According to a report from the Huffington Post, “Burger King’s plan to scurry across the Canadian border to avoid U.S. taxes could be seen as the corporate equivalent of flipping President Barack Obama the bird. The White House vowed earlier this month to use an executive order to curb tax inversions, or deals in which U.S. companies buy smaller foreign firms in countries with lower taxes, then renounce their U.S. corporate citizenship and re-incorporate in that country. Still, Burger King said late Sunday night that it was in talks to merge with Tim Hortons, Canada’s popular bakery and coffee chain. The new, combined company would be headquartered in Canada.”

Burger King Canada

A Presidential Challenge?

This move could be seen as a challenge by Burger King, calling Obama’s bluff on his threat to use executive order to stop companies from moving to other countries in order to avoid the huge taxes that the US has. It is also possible that Burger King fully believes that Obama will sign the executive order, and is moving quickly to avoid being caught in that trap. Either way, Burger King isn’t alone. In the last two years, as many as twenty-one American companies have chosen to leave the country in order to get a tax break. Since the early 80s, as many as seventy Americans companies have fled the border. The top corporate tax in the US is 39.1%, according to the Washington Post. It is the highest of any country. Japan comes in second at 37%, while Ireland is last at only 12.5%. Canada sits at 26.3%.
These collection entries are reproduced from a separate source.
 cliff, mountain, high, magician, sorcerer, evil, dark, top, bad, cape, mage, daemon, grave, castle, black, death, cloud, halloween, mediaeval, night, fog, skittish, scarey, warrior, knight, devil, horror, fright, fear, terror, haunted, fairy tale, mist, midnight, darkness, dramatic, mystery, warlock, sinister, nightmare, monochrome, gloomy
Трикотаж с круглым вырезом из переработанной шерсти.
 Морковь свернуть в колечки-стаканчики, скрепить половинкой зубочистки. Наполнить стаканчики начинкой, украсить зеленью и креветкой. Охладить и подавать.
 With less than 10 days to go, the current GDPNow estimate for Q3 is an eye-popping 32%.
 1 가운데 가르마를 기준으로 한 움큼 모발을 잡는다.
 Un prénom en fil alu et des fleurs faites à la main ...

Shares Spike After Talks of Merger

The Chicago Tribune explains, “The deal would be structured as a tax inversion, which could see a more favorable treatment for Burger King’s foreign profits and create the third-largest global quick-service restaurant player .” The Tribune also reports that both Tim Horton’s and Burger King have enjoyed spikes in their shares after the news got out that they were in talks about a merger. On the New York Stock exchange, Tim Horton’s shares were up almost 20%, and Burger Kings were up over 17%.
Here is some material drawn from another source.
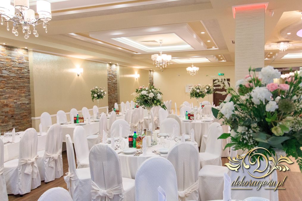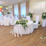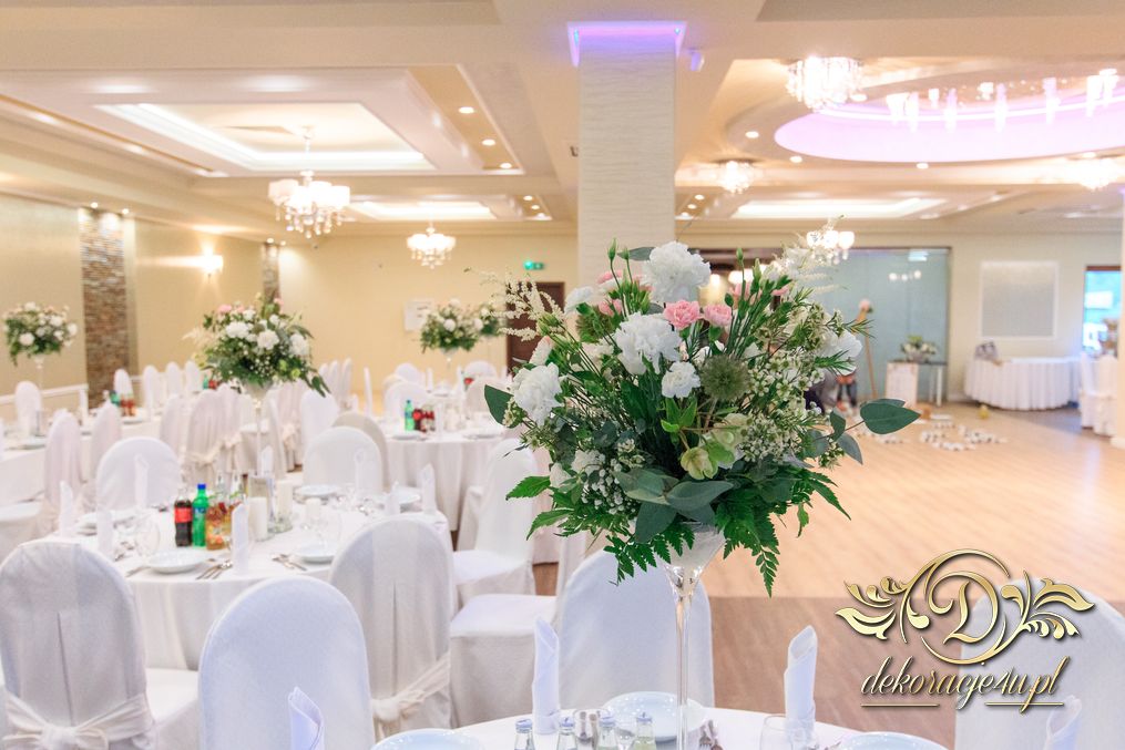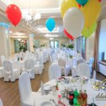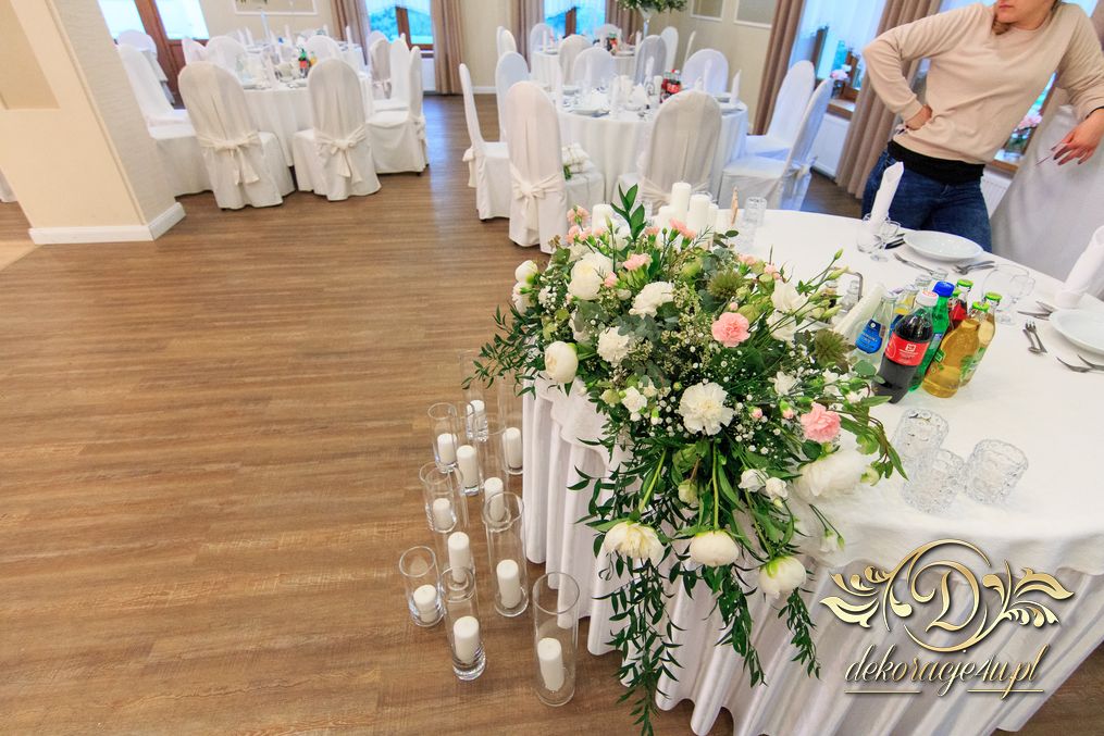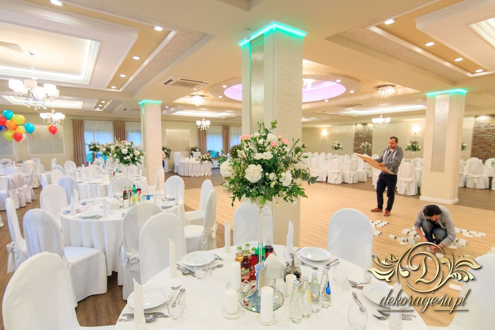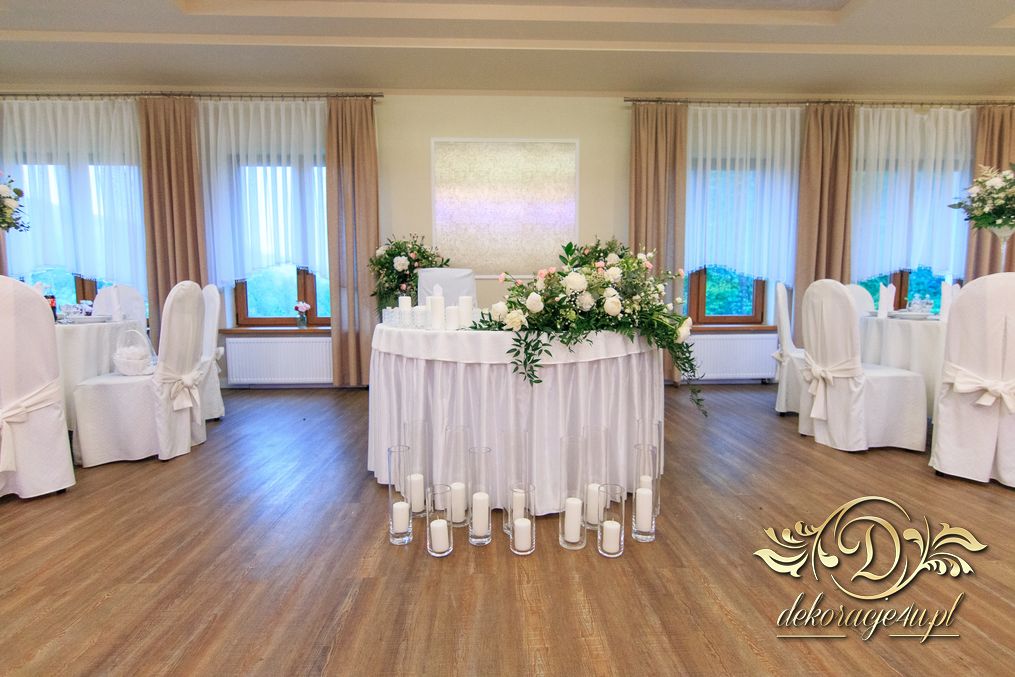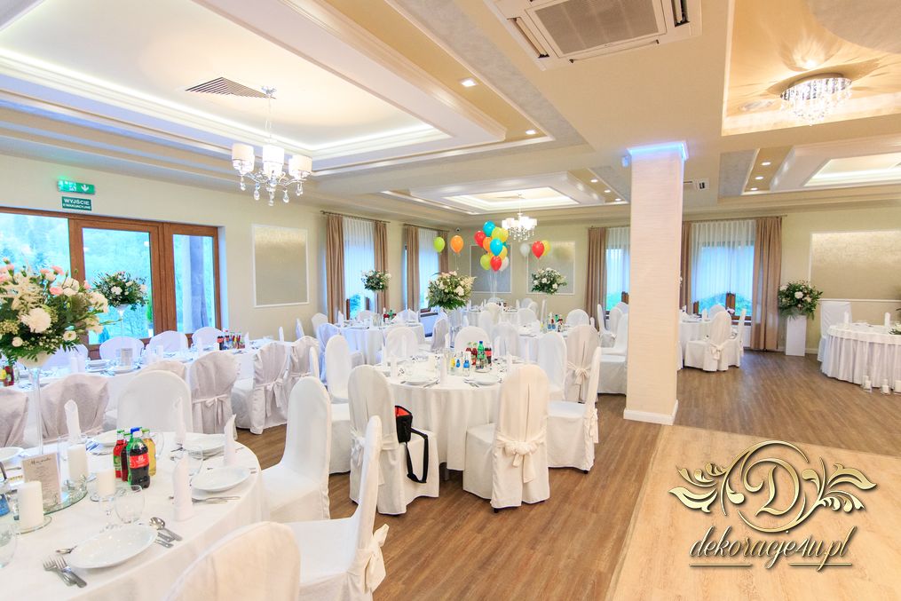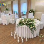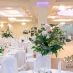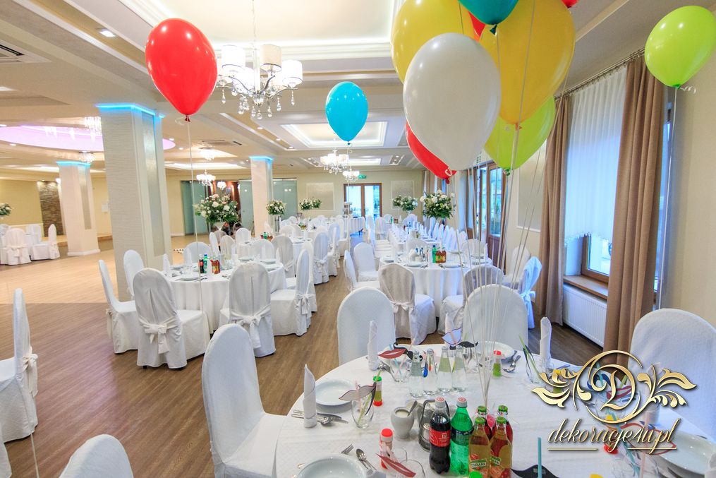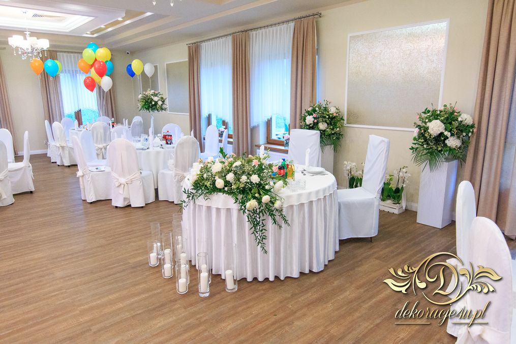 Dekoracja sali w innym stylu. Gospoda Magurska - wielkie bukiety kwiatów, pokażny bukiet na stół główny. Dla dzieci oczywiście nie mogło zabraknąć balonów z helem. Przy każdym bukiecie świeczki, tealighty, a przed stołem Państwa Młodych tuby ze świecami.

Many Frown on the King for Jumping Ship

Not everyone is happy about Burger King skipping town. According to The Blaze, White House Press Secretary Josh Earnest stated, “The president doesn’t believe that a company simply switching their citizenship to avoid paying their fair share in U.S. taxes is good policy. It certainly isn’t fair to the millions of middle class families in this country that don’t have that option. The reason it’s not fair – again – not speaking about any transaction [in particular] – the reason it’s not fair that companies that would consider an inversion continue to benefit from all of the resources of the United States, the United States government and other assets that are funded by taxpayer dollars. So companies that are based in the U.S. continue to benefit from the infrastructure that we have in this country.” Some citizens agree.

Not only is the Obama Administration in a tizzy, but Burger King is also facing flack from the public over its decision. As Huffington Post explains,”Burger King is getting whopped over its plan to avoid U.S. taxes by fleeing to Canada. People flooded the fast-food chain’s Facebook page on Monday with threats of a boycott after the company announced talks to merge with Canadian coffee and doughnut chain Tim Hortons. ‘Move to Canada to avoid paying taxes and I will never darken the door of a Burger King again,’ Mike Gee, of Magnolia, Arkansas, wrote in a comment. ‘Does corporate greed in this country ever end?'” Burger King is not alone.

Walgreens Backs Out to Appease Public

In April, Walgreens was thinking of relocating to Europe to avoid the burden of US taxes. Public outcry was so loud, however, that the CEO decided leaving was not in the company’s best interest. According to the Chicago Tribune “Walgreen’s decision to maintain its tax domicile in the United States ends months of speculation and a steady drumbeat of criticism of the company from activists, unions and politicians, including President Barack Obama, for considering moving its headquarters overseas. Public backlash to Walgreen weighing reincorporating either in the United Kingdom or Switzerland played a role in its decision to remain in the U.S., Walgreen said.”

So which is it? Do you think it’s fair for corporations to leave the US in order to avoid huge taxes? Or do you see it as a triumphant way for them to get back at a government gone bad? Is this the Boston Tea party, only bigger? You decide. Comments welcome below.